__EXERCISE GOAL__
Your task is to transcribe exactly, and only, the lines running from the one with "学院党委书记陈万球在致辞中,向新入学的同" to the end of the listing below, inclusive, with every picture left out.

__RECORDED INFORMATION__
§ §
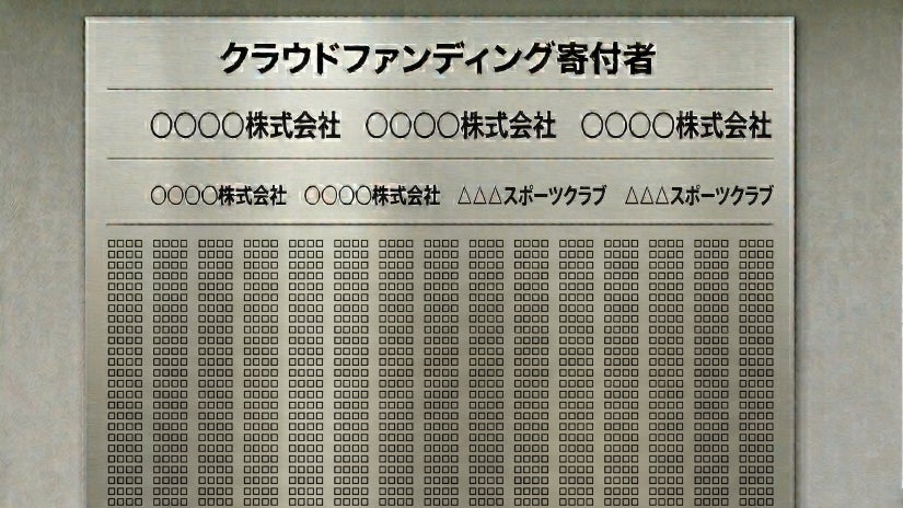 本プロジェクトにご参加いただいた証として、クラブハウスの壁面にお名前を掲載させていただきます。この場所づくりに関わってくださった皆さまの想いが、これから訪れる多くの人々へと受け継がれていきます。※ご希望に合わせお名前の掲載を除くこともできます。
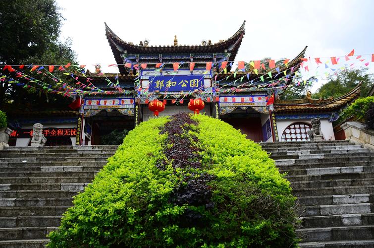 鄭和公園座落在滇池風景區(qū)南岸,晉寧區(qū)城的月山上,始建于1978年,原名為月山公園,1980年為了紀念鄭和,將月山公園更名為“鄭和公園”,占地面積16.67公頃(250畝)。公園以鄭和文化為主題,被列為昆明新十六景之一,名為“月山帆影”,1988年命名為滇池國家重點風景名勝區(qū),園內(nèi)主要有鄭和雕像、三寶樓、鄭和碑林、馬哈只墓、鄭和紀念館、鄭和故居等景點。其中,“馬哈只墓碑”為國家級重點文物保護單位,“鄭和紀念館”為云南省首批愛國主義教育基地。
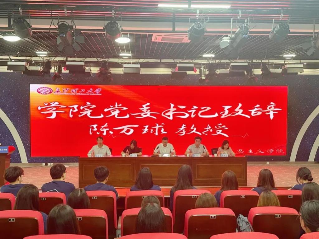 学院党委书记陈万球在致辞中,向新入学的同学们表达了衷心的祝贺和热烈的欢迎。他围绕“我是谁”、“我从哪里来”、“我要到哪里去”三个深刻问题,鼓励同学们在马克思主义理论的光辉指引下,明确身份使命,学习革命先辈精神,将个人理想融入国家和民族的事业中,成为马克思主义的坚定信仰者和实践者。陈书记的讲话深刻而富有启发性,赢得了在场师生的热烈掌声。
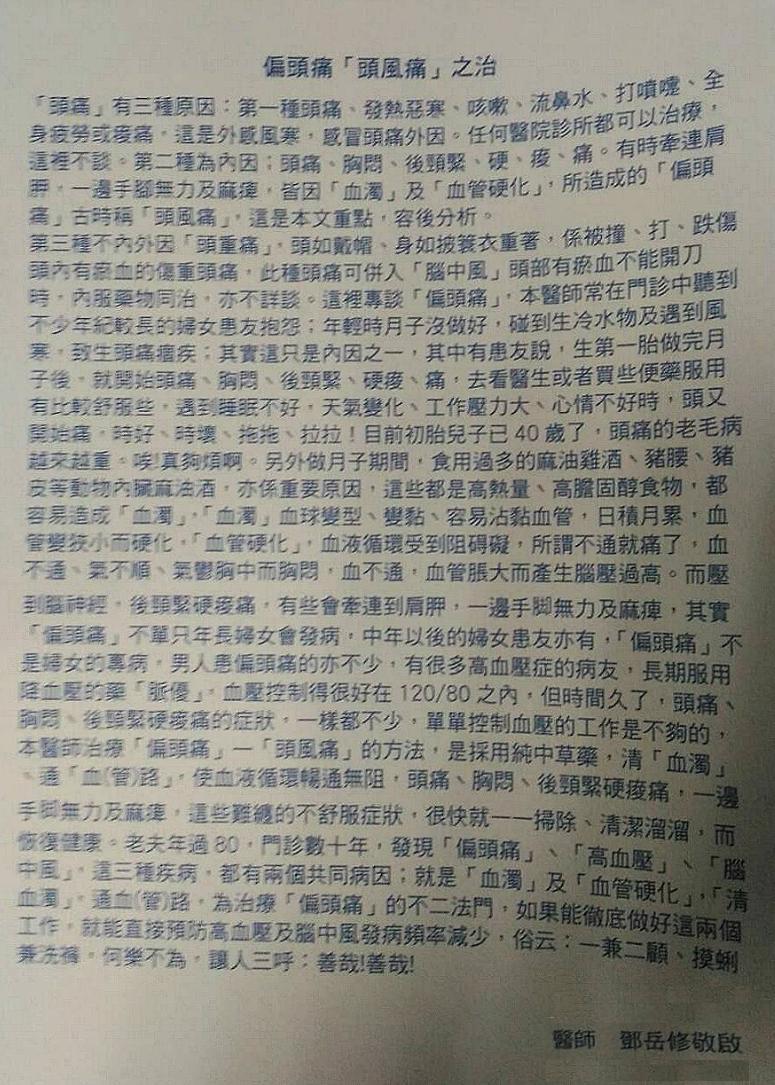 (管),使血液暢通無阻年久不癒的偏頭痛,很快就清除了。
§ §
__EXERCISE SOLUTION__
 学院党委书记陈万球在致辞中,向新入学的同学们表达了衷心的祝贺和热烈的欢迎。他围绕“我是谁”、“我从哪里来”、“我要到哪里去”三个深刻问题,鼓励同学们在马克思主义理论的光辉指引下,明确身份使命,学习革命先辈精神,将个人理想融入国家和民族的事业中,成为马克思主义的坚定信仰者和实践者。陈书记的讲话深刻而富有启发性,赢得了在场师生的热烈掌声。
 (管),使血液暢通無阻年久不癒的偏頭痛,很快就清除了。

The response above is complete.